Come get meeee. I'm stranded in the middle of no where with Paul (?). I think u puked on his friend.
So I went into my gym pretty wasted and asked the trainer guy if i could order a cock meat sandwich. Needless to say, I'm canceling my membership tomorrow.
We woke up next to each other with a mutual look of disgust, and then he left. I knew I should have gone for the younger brother.
I thought this kinda shit only happens to ugly people
I have vomit stuck in my nose, you should come with a warning label.

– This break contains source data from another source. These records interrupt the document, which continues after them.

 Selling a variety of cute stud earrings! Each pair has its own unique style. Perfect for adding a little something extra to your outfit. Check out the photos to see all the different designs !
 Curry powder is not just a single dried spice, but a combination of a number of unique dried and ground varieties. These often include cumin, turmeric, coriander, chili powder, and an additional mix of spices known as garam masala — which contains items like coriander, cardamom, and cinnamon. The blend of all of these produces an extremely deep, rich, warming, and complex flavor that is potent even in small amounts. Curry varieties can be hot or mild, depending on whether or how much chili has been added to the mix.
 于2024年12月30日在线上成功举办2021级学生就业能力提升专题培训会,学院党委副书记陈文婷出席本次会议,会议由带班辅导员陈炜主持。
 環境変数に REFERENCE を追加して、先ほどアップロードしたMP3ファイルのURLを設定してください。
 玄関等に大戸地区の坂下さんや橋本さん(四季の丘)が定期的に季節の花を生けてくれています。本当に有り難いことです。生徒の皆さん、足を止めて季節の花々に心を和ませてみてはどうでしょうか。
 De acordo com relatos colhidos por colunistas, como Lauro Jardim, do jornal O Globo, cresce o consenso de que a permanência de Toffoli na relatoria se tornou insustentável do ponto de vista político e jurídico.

I need to stop treating my body like that of a Vegas hooker on vacation in Ibiza
I hooked up with a guy dressed as Justin Timberlake, while dressed as Britney Spears. Fuck Jessica Biel, all my 90's dreams are coming true.

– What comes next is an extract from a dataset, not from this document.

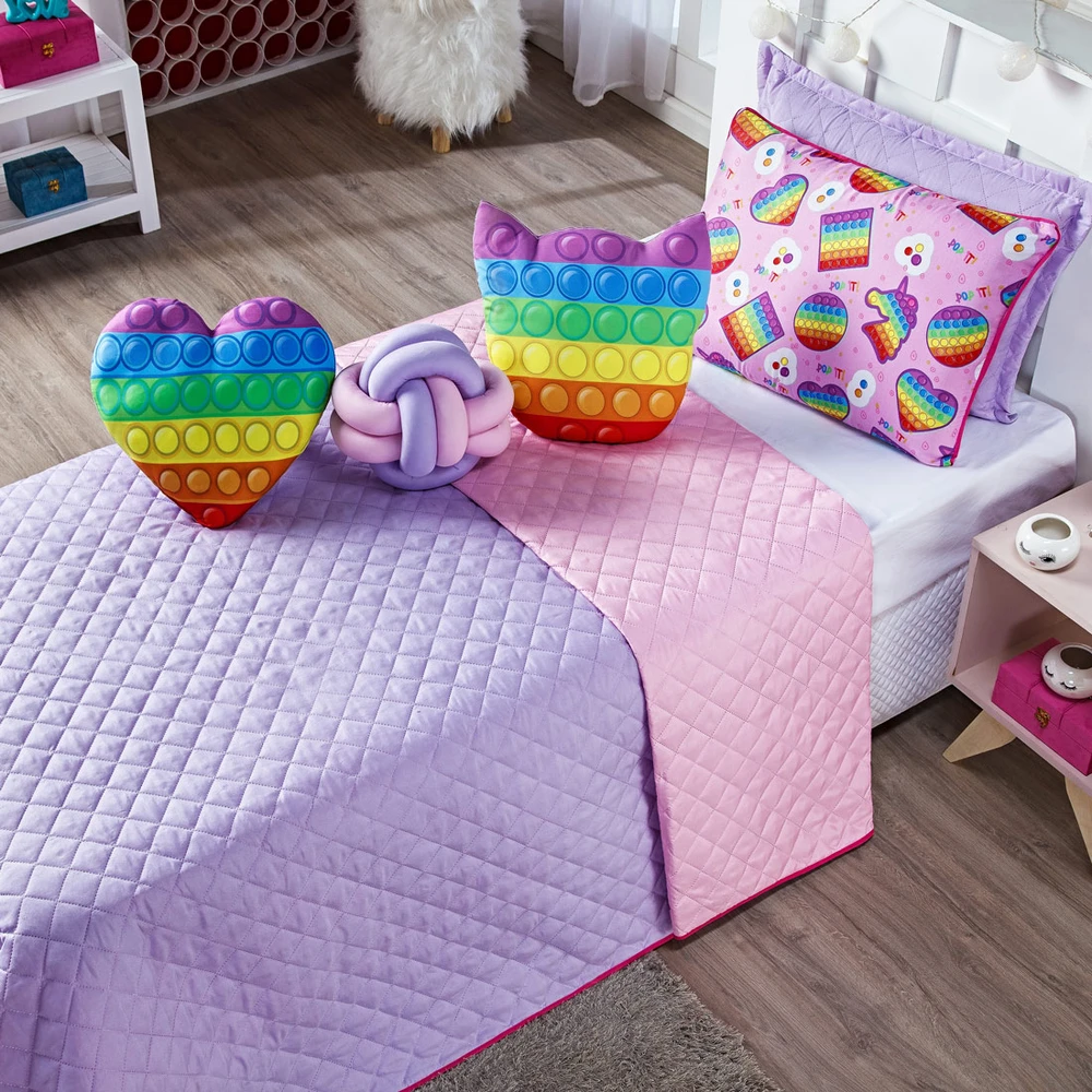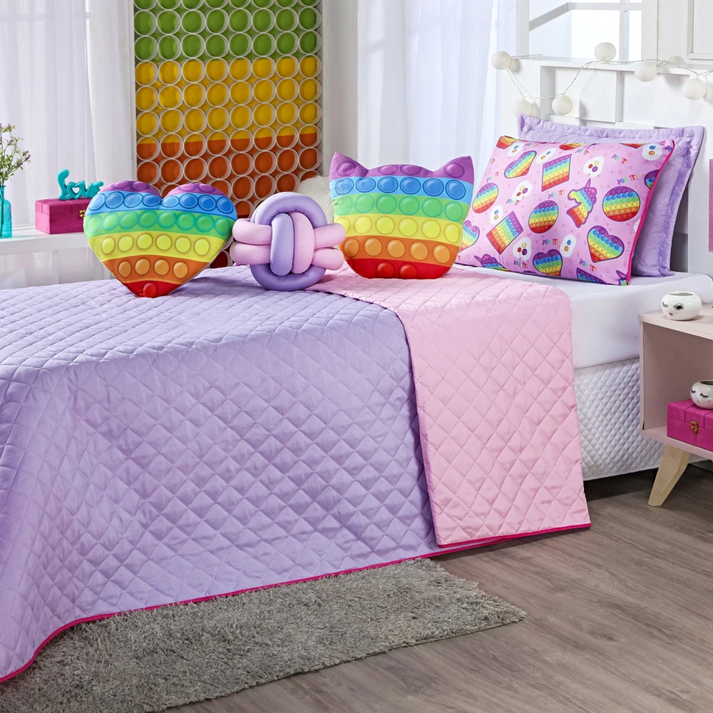 A Nova Coleção Infanto-Juvenil 2021 em Microfibra tem um toque suave e macio. O tecido caracteriza-se por ser muito leve, confortável, sedoso, com secagem rápida e ótimo caimento. Vem trazendo estilo para a decoração de seu quarto na nova tendência Dupla Face, podendo utilizar as 2 cores do cobre leito! Ficará de ótimo bom gosto e elegância. Acompanhando também as almofadinhas estampadas temáticas e uma de nó super moderna! Tudo para combinar com a decoração. Confira!
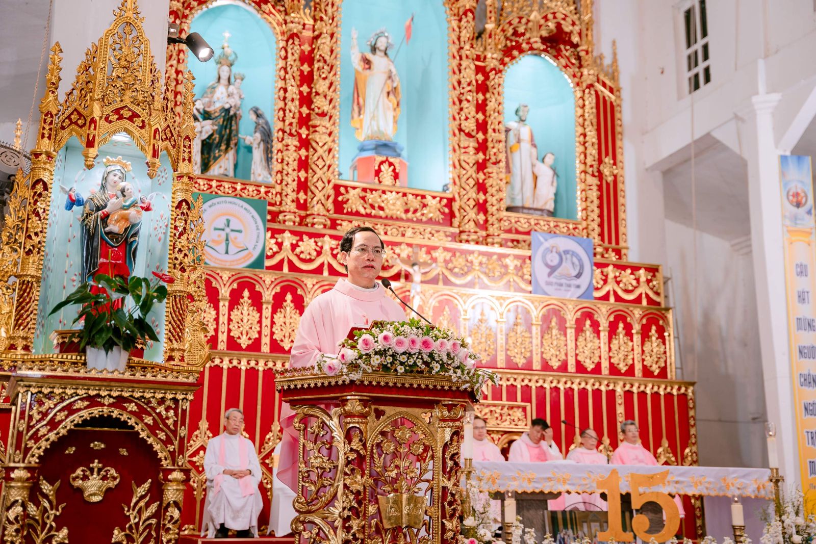 Kết thúc buổi hội thảo, cộng đoàn tập trung về sân Trung tâm Mục vụ Giáo xứ để rước kiệu Thánh Giuse, cùng đoàn đồng tế tiến ra Thánh đường hiệp dâng Thánh lễ mừng kính Thánh Giuse – bạn trăm năm Đức Trinh Nữ Maria, Bổn mạng cộng đoàn.

At some point during thanksgiving the image of me pooping on ur moms chest will come to you. Your welcome!
Hey... Tell me if you remember differently, but nobody truly saw me naked, right?
You were taking in your sleep. You were like Jess that's that animal we were talking about and you Hugged her feet
I'm gonna try and get through this weekend sober, which is gonna be tough especially since I've already started drinking.
So I've decided that blue balls for lesbians is rainbow balls and the struggle is real
My saturday night consisted of sewing my Halloween costume and watching Blues Clues
You actually...sewed your costume?
Wanna get drunk and play candy land? If so you are 2 steps behind.
He asked if I could not say his name during sex cause he liked the girl in the apartment above me.